No es exagerado caracterizar buena parte de la historia de la fe como la historia de la intolerancia.  La fe no sólo la fe religiosa, sino la creencia en alguna verdad o entidad suprema por la que los hombres deben matar y morir, ha sido el fundamento y origen de todas las persecuciones, purgas e inquisiciones.  La fe contiene el germen de todas las formas de tiranía y opresión.  En nuestro tiempo, la figura del fanático religioso ha reemplazado a la del revolucionario  ateo.  Delirante, febril, llega a concebir la mayor de las ideas, la idea suprema: la idea de Dios.  Inventa a Dios a su medida.  Pero no inventa un Dios amoroso y compasivo, sino a uno celoso y beligerante, terrible y vengativo.

 Ese Dios le ordena matar, y en nombre de ese Dios mata.  Hace años leí en la prensa española la carta de un lector que condenaba la fatwa o sentencia de muerte decretada por el régimen de Irán contra el escritor Salman Rushdie por blasfemia contra el Islam.   Aún recuerdo esta frase indignada que creo inmejorable: “Matar a un hombre para defender una idea no es defender una idea: es matar a un hombre”.

A lo largo de la historia, los hombres han asesinado por muy diversas razones, una de ellas por su credo o su dios particular.  No hay un solo hombre, que yo sepa, que haya cometido asesinato por incredulidad, en nombre de su duda.  Esta, y no otra, es la ventaja moral de la duda sobre el dogma.  En nombre de la duda, de la falta de fe, no se mata.  Sólo se mata en nombre de alguna convicción superior, de alguna verdad suprema en cuya gozosa posesión se está y se vive. Quién ha emprendido persecuciones religiosas o políticas en nombre del escepticismo o de alguna filosofía pagana?  Alguien puede imaginar, por ejemplo, una iglesia de incrédulos militantes, una congregación de fieles que defienden su duda en todo momento y que la imponen como forma de vivir y de pensar?

 En un mundo demencial, alucinante, como el nuestro, parecemos abocados a elegir entre la ceguera fanática y la decadencia tolerante, entre el dogma y la duda, entre la barbarie y la ruina.  Harto conocemos las obras de los fanáticos.  Su paso por esta tierra ha sido desastroso. 

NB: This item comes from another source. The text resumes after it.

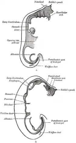 ![]() Sketches in profile of two stages in the development of the human digestive tube. (Vitelline duct labeled on bottom image.) | |

Los escépticos y tolerantes, en cambio, puesto que no se apoyan en ninguna fe ni apuestan por nada, le ahorran calamidades a la humanidad.  Están ahí, los pobres, discretos, callados, inadvertidos.  Nadie repara en ellos, nadie les hace caso, cuando es a ellos y sólo a ellos que deberíamos prestarles atención. No acometen empresas sangrientas, ni fundan inquisiciones para defender a ultranza sus creencias y condenar a muerte a los incrédulos o infieles; no perpetran crímenes en nombre de una fe dada, de un Dios único y verdadero; no emprenden persecuciones ni ejecutan procesos y purgas.   Los escépticos son los únicos que no dejan tras ellos el suelo regado de cadáveres.

Pero son los fanáticos los que dominan el escenario.  La furia iconoclasta de los Talibán, la furia destructora de colosales estatuas milenarias de Buda en Bamiyán, Afganistán, es sólo un nuevo episodio en una dilatada historia de intolerancia religiosa, iconofobia y odio a lo diverso.